Oskarżony utrzymuje się z renty, zasiłku z MOPS oraz zbierania surowców wtórnych ze śmietników. Rodzice czteroletniej dziewczynki ufali mu, bo znał jej ojca jeszcze z czasów, gdy byli sąsiadami. Bez obaw powierzali małą jego opiece, gdy sami nie mieli czasu zająć się dzieckiem. Więc w weekendy między sierpniem 2012 roku a sierpniem 2014 roku pedofil często przyjeżdżał do nich na wieś i zostawał na noc. W dwupokojowym mieszkaniu spał w pokoju córek. Według prokuratury, podczas tych odwiedzin kilkakrotnie doprowadzał 4-latkę do poddania się innym niż obcowanie płciowe czynnościom seksualnym.

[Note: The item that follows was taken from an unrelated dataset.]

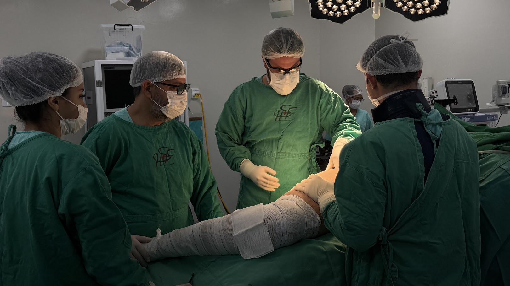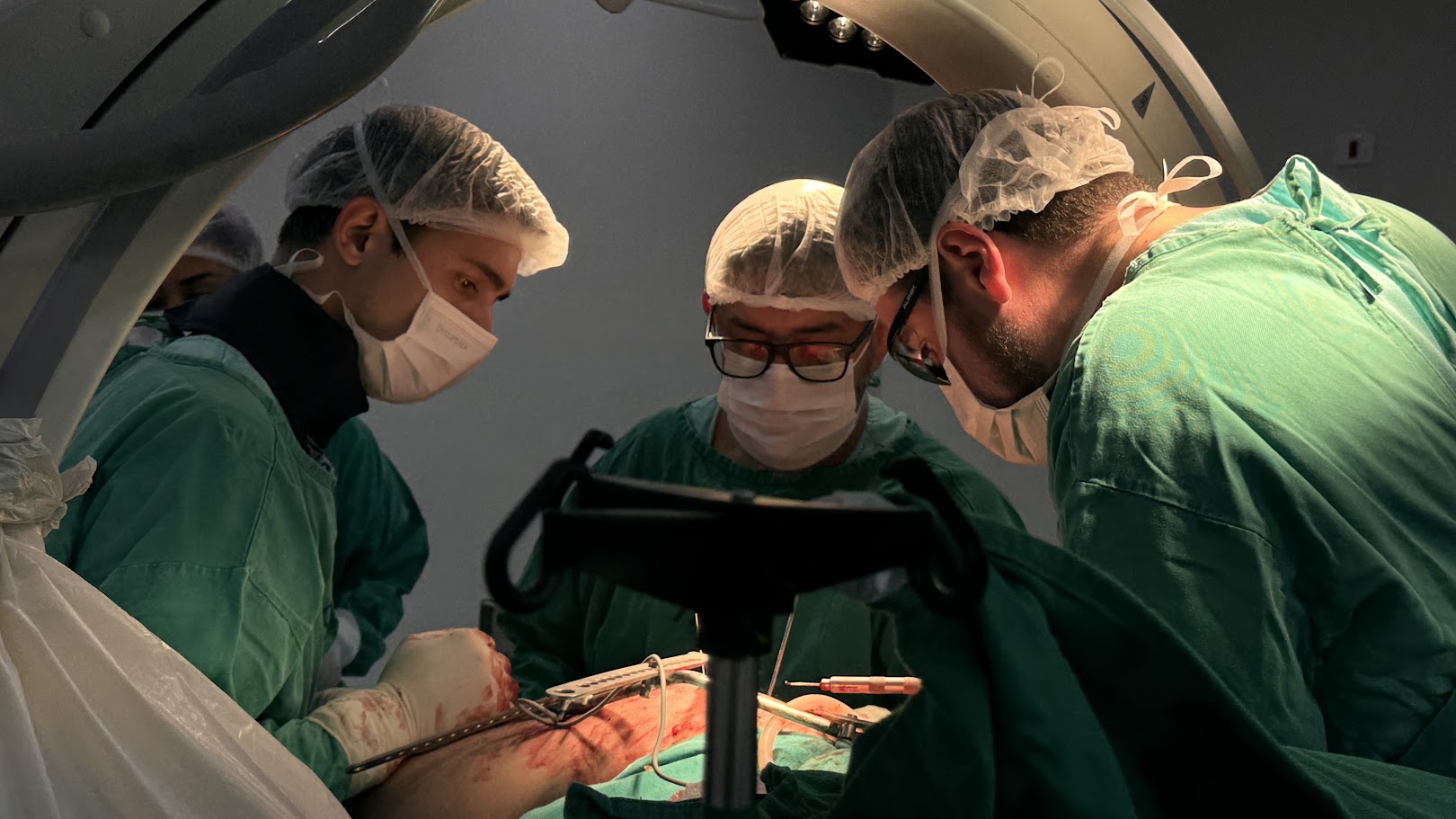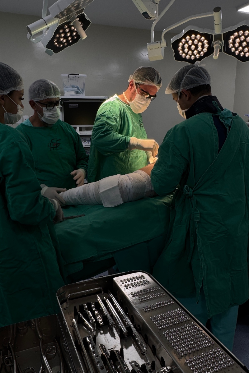 O procedimento foi conduzido pelo Dr. Tiago Lucas Pádua, ortopedista e traumatologista com aperfeiçoamento avançado em cirurgias de quadril, com a participação do médico Dr. Vitor Augusto Vilhegas, além das equipes de anestesia, enfermagem e do serviço de imagem.

Odwiedzał też dom drugiej dziewczynki, siedmioletniej. Przywoził jej rodzicom przydatne rzeczy znalezione na śmietnikach. W ostatnie wakacje w czasie nieobecności dorosłych opiekunów kilkakrotnie molestował ich dziecko. Ostatnia taka sytuacja miała miejsce 12 sierpnia 2014 r., kiedy to zachowanie oskarżonego zauważyły babcia i ciocia dziewczynki. Tego samego dnia matka siedmiolatki powiadomiła policję. Następnego dnia do komendy zgłosiła się matka drugiej ofiary pedofila ze Złotoryi.
Przesłuchane przed sądem dziewczynki potwierdziły, że były molestowane. Mężczyzna usłyszał zarzuty doprowadzenia małoletnich poniżej 15 roku życia do poddania się innym czynnościom seksualnym. Nie przysznał się do przestępstw.
- Z uwagi na uzasadnione wątpliwości co do stanu poczytalności zarządzono jednorazowe badania psychiatryczne – informuje prokurator Liliana Łukasiewicz, rzeczniczka prasowa Prokuratury Okręgowej w Legnicy. – Biegli stwierdzili u oskarżonego deficyt intelektualny, obniżenie sprawności funkcji poznawczych, wnioskowania, planowania, przewidywania, rozumienia sytuacji społecznych. Oskarżony nie jest zdolny do prawidłowych relacji interpersonalnych, utrzymywania związków emocjonalnych i relacji partnerskich. Kontrola sfery popędowej jest u niego niska; dąży on do zaspokojenia popędu w sposób dla siebie najłatwiejszy. Zdaniem opiniujących działania oskarżonego były wynikiem obniżonej sprawności intelektualnej, obniżenia zdolności do kontroli emocji, braku empatii i płytkiego rozumienia norm społeczno-prawnych. Z powodu powyższych zaburzeń oskarżony miał ograniczoną w stopniu znacznym zdolność rozpoznania znaczenia czynów i pokierowania swoim postępowaniem.
Złotoryjanina zbadał także lekarz seksuolog.Stwierdził zaburzenia preferencji seksualnych. To one skutkowały podjęciem przestępnych zachowań wobec dzieci.
Za molestowanie małoletnich poniżej 15 roku życia grozi mu kara od 2 do 12 lat pozbawienia wolności. Z uwagi na ograniczoną poczytalność w chwili czynu sąd może, lecz nie musi, zastosować wobec sprawcy nadzwyczajne złagodzenie kary albo kary łagodniejszego rodzaju. Przy molestowaniu małoletnich oznacza to możliwość orzeczenia kary w wymiarze do 2 lat pozbawienia wolności.
Sprawę rozpozna Sąd Rejonowy w Złotoryi.